4 tops, 4 pairs shorts, 2 light pants and the jeans I used for travelling, 1 long skirt, 1 mini dress, 3 bikini/wraps, warm cardigan I used for travel and a wrap for round shoulders.
1 light dressing gown and 2 nighdress, 1 pair high heels and 1 sandles and the trainers I wore for travelling.
my make up was travel size and I bought my toothpast etc over there.

I packed my stuff in the plastic airtight bags so very little space used even brough travel hairdryer.
my husband brought very little but bought shorts/t shirts over there.


----------



## Feek (26 Mar 2008)

Ah yes, I too find it's (just) enough for a week hols if you're going somewhere warm but not if it's cold.

Thing that bugs me the most is not being able to bring back bottles of wines in my hand luggage anymore. Yes I know you can if you buy in duty free but that usually ends up being dearer and not as good a selection.

Thanks for clearing up the handling fee issue - just got a shock about that myself but it did say 'french handling fee' - does that mean they are being even sneaker about it?


----------



## Llain (10 Mar 2009)

Now €10 per head - 25% increase in this economic climate!


----------



## GoldDigga (10 Mar 2009)

There is another way out of paying for handling fees. Order some gift certificates online. They come in 25, 50  euro I think. This way you dont get charged for handling.

The only downside is that they dont refund you the difference from your voucher.

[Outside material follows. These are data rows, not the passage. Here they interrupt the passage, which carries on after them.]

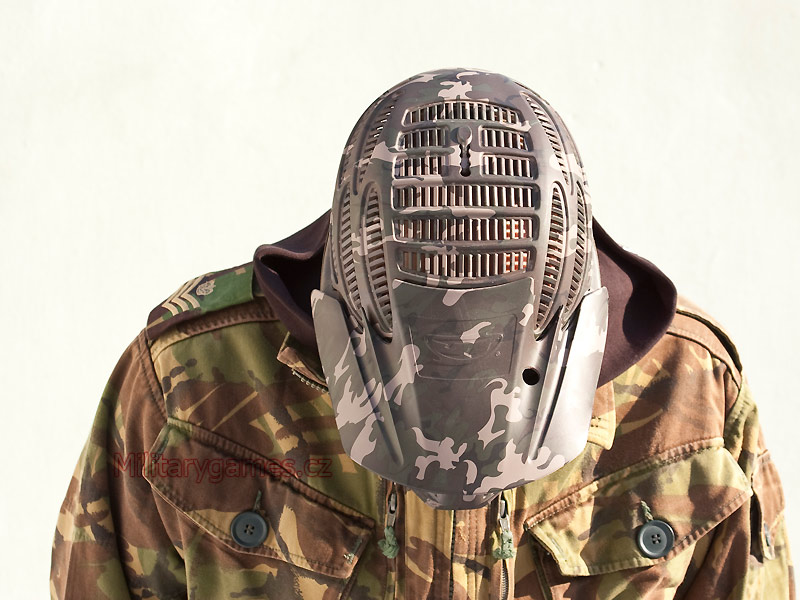 Maska je dodávána v mnoha barevných variantách, zde vyobrazená je v provedení camo. Toto provedení rozbíjí při pohledu z dálky masu a siluetu masky a tak nás pomáhá skrýt před zraky protivníka, vždyť hlava je první věcí, kterou na protihráči spatříme a světlá plocha obličeje je v příšeří lesa velmi demaskující.
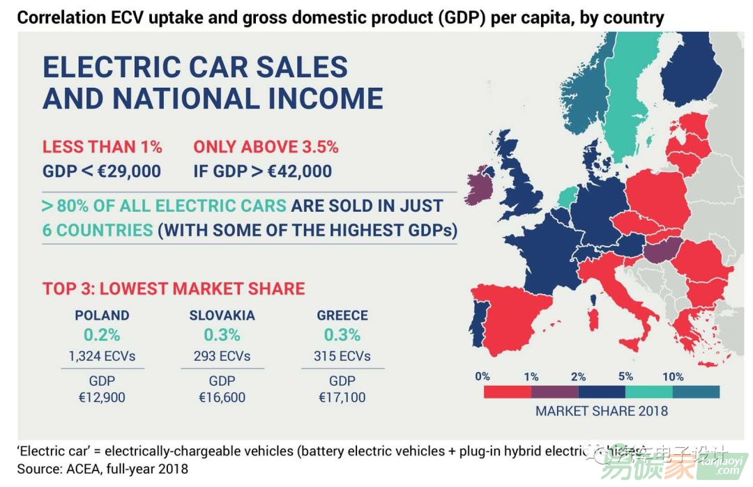 電動汽車份額超過3.5%的國家,人均GDP基本都超過42,000歐元
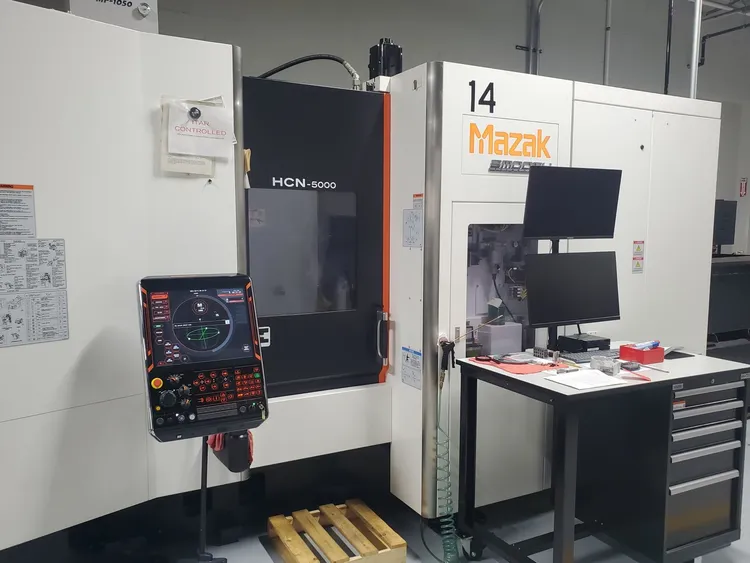 A 2018 MAZAK HCN 5000E WITH UPGRADED HIGH PERFORMANCE PACKAGE, CAT 40 BIG PLUS SPINDLE, 60 ATC, RENISHAW OMP60M PROBE, MAZAK SUPER FLOW S8 1000 PSI COOLANT THRU AND SMOOTH X CONTROL

I booked 2 return flights there recently using 150 euro of vouchers. Flights came to 147 so i didnt get my 3 euro back but did save 20 euro on handling fees less my 3 euro, so still saved 17 euro net.
 T
This is only really of benefit if your flights are near enough to 25,50,75 etc. I never give out about Ryanair usually. You get what you pay for and to be reasonable their flights are rarely late or cancelled...... Nice to get one over them now and again though!!!


----------



## GoldDigga (10 Mar 2009)

Just to note. It can take 24 hours for your voucher numbers to be emailed to you, so its not ideal if you spot a really cheap fare and want to book it there and then, but if you use them a few times a year no harm in having a few vouchers in reserve!!


----------



## newo (16 Mar 2009)

GoldDigga said:


> Just to note. It can take 24 hours for your voucher numbers to be emailed to you, so its not ideal if you spot a really cheap fare and want to book it there and then, but if you use them a few times a year no harm in having a few vouchers in reserve!!


 
On the final page once you've paid for the vouchers, the voucher codes are printed so you can copy and paste them over, no need to wait for the e-mail to arrive a day later!


----------